3 thoughts on “Antidepressiva können die Fähigkeit zu weinen verringern

  1. Sonja Sage sagt:

    so hat jeder seine Erfahrungen. Ich könnte 2003 überhaupt nicht mehr aufhören zu weinen. Bin nicht aus dem Bett gekommen. Nichts gegessen. Seit dem nehme ich Venlaflaxin. Zur Zeit 75 und 37, 5. Ich war auch bis zum Maximum. Für die Schmerzen bekomme ich 2x 50mg Opiat. Ich kann Trauern mit Tränen und auch lachen. Mein Wunsch, dieses Medikament abzusetzen endete in Chaos.

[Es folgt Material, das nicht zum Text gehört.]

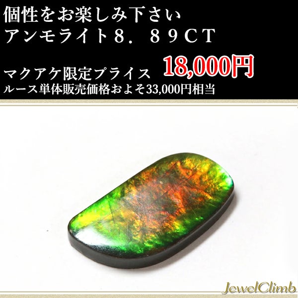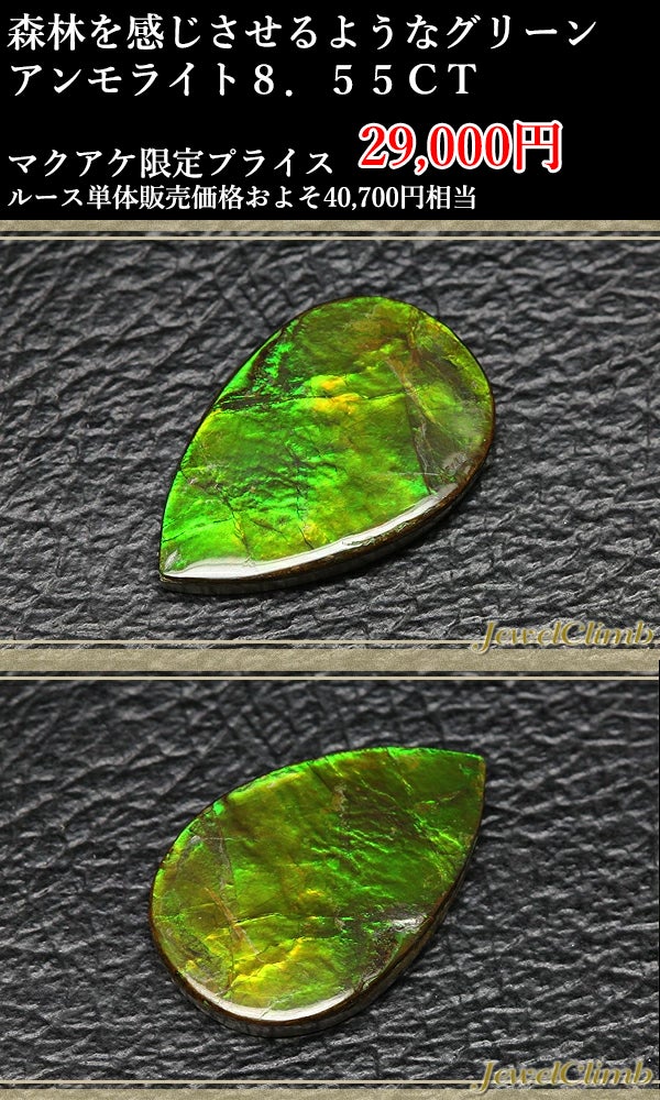森林を感じさせるようなネオングリーンが際立つ アンモライト8.55CT

Was mich interessiert, welche Mineralien und Vitamine werden durch diese Medikamente meinem Körper entzogen?
    MfG Sonja Sage

  2. Dunja Voos sagt:

    Liebe Maria, danke Ihnen sehr für Ihren Erfahrungsbericht. Viele Grüße, Dunja Voos

  3. Maria sagt:

    Guten Tag,
    vor ca. 3 Monaten habe ich meine Antidepressiva und Lithium abgesetzt. Ich nahm in den letzten 2 Jahren 13 verschiedene Medikamente. Seit ich keine Medis mehr nehme, erlebe ich genau das, was Sie hier beschreiben. Ich fühle mich wieder lebendig, ich kann wieder richtig mit Menschen kommunizieren, habe wieder die Fähigkeit mich einzufühlen, ich habe wieder richtig Freude und spüre diese im ganzen Körper und ich kann wieder weinen. Es ist unglaublich. Danke für diesen Bericht, es ist schön zu lesen, dass diese Meinung und diese Erkenntnis auch von jemanden mit Fachkenntnis geteilt wird.